Nachteil dieser einfachen Lösung: Das Gras um die Platten herum lässt sich nicht mehr mit dem Rasenmäher schneiden.

So wird es gemacht

Wer einen richtigen Gartenweg anlegen möchte, braucht etwas mehr Zeit sowie Füllmaterial und geeignetes Werkzeug. Wer weiß, wie es geht, benötigt allerdings keine besonderen Vorkenntnisse, um seinen Weg durch den Garten selbst anzulegen.

1. Den Gehweg abstecken

Überlege Dir zuerst genau, wo der Weg verlaufen und wie breit er werden soll. Plane die Breite am besten so ein, dass Du keine Platte schneiden musst. Lässt sich dies nicht vermeiden, benötigst dafür spezielles Werkzeug oder musst Dir die Platten im Baumarkt zuschneiden lassen.

An den Rändern setzt Du am besten spezielle Randsteine ein, um den Platten ausreichend Halt zu geben.

Hast Du den genauen Verlauf festgelegt, dann stecke den geplanten Weg mit Hilfe von Holzpflöcken und einer gespannten Schnur ab.

2. Den Untergrund vorbereiten

Um zu verhindern, dass sich Wasser unter den Platten sammelt, musst Du den Untergrund vorbereiten.

Hebe innerhalb der gesteckten Markierung das Erdreich bis zu einer Tiefe von rund 20 bis 25 Zentimetern aus. Fülle eine rund 15 Zentimeter dicke Schicht aus Schotter ein und verdichte diese mit einem Stampfer oder einer motorisierten Rüttelplatte. Eine Rüttelplatte kannst Du Dir in einem Baumarkt oder bei einem Maschinenverleih ausleihen. Darauf kommt eine rund 5 Zentimeter dicke Schicht aus Splitt oder Brechsand. Begradige den Splitt oder Brechsand mit einer Latte.

3. Die Platten verlegen

Auf diesem Untergrund, der sogenannten Kofferung, verlegst Du jetzt die Bodenplatten.
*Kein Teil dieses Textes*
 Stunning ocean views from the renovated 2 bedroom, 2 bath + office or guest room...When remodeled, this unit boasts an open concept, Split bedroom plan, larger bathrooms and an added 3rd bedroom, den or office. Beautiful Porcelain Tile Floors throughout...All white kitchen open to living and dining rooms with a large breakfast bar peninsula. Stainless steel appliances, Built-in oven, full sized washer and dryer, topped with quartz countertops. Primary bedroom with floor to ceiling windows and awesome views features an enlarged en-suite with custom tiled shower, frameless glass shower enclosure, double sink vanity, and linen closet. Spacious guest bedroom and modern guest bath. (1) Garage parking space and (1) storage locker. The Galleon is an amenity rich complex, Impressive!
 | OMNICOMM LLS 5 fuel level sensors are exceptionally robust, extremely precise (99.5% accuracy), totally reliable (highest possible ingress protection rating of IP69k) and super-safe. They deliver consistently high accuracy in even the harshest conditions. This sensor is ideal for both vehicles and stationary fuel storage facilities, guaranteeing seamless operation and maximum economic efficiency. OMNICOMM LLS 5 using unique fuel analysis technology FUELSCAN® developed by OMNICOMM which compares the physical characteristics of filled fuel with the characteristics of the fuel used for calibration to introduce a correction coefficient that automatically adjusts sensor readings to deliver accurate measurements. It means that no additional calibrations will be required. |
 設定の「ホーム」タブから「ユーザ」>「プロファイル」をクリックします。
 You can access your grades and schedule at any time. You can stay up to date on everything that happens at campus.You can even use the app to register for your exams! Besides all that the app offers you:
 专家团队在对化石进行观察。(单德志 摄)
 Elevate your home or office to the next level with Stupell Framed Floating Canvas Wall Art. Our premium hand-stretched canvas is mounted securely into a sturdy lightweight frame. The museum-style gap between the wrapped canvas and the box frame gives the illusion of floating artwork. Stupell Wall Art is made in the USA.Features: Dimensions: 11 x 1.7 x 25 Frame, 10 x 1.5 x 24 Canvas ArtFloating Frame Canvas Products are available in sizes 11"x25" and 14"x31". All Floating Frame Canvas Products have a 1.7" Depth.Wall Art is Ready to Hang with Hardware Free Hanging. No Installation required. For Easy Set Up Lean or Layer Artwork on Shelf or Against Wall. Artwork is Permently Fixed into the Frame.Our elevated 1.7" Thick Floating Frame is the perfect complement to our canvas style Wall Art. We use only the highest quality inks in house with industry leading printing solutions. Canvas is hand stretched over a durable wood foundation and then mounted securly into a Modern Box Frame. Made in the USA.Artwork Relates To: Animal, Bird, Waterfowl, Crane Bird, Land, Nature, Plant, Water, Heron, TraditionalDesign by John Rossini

Die Platten musst Du dabei mit einem kleinen Abstand zueinander verlegen, sodass gleichmäßige Fugen entstehen. Klopfe die Platten mit einem Gummihammer fest und achte darauf, dass alle Platten auf gleicher Höhe liegen. Überprüfe dies immer wieder mithilfe einer Wasserwaage.

4. Der Kleber für die Platten: Sand einkehren

Hast Du einen Abschnitt mit Platten fertig gelegt, streue Sand auf die Platten und fege diesen mit einem Besen in die Fugen. Dabei solltest Du diagonal zur Fugenrichtung kehren.

5. Und zum Schluss: Verdichten und Sand nachfüllen

Damit die Platten fest sitzen, musst Du den Weg nochmals mit dem Stampfer oder der Rüttelplatte bearbeiten.

Durch das Verdichten fällt der Sand nach unten. Fege daher anschließend noch einmal Sand in die Fugen und schwemme diesen mit Hilfe von Wasser ein. Achte bei einem Wasserschlauch darauf, dass der Druck nicht zu hoch ist und Du den Sand nicht wieder ausspülst. Durch das Wasser wird der Sand verdichtet, sodass er als Kleber zwischen den einzelnen Platten wirken kann.

Das war’s: Die Arbeiten am Gartenweg sind damit abgeschlossen. In Zukunft gelangst Du auch nach einem Regen trockenen Fußes an Deinen Garten oder Dein Kräuterbeet.

Ein Tipp für später

Unkraut und Moos, das gerne zwischen den Fugen wächst, lässt sich mit einem Fugenkratzer leicht entfernen.

Fazit:

Plattenverlegen ist nicht so kompliziert, wie man denkt, wenn einem die richtigen Materialien und Werkzeuge zur Verfügung stehen.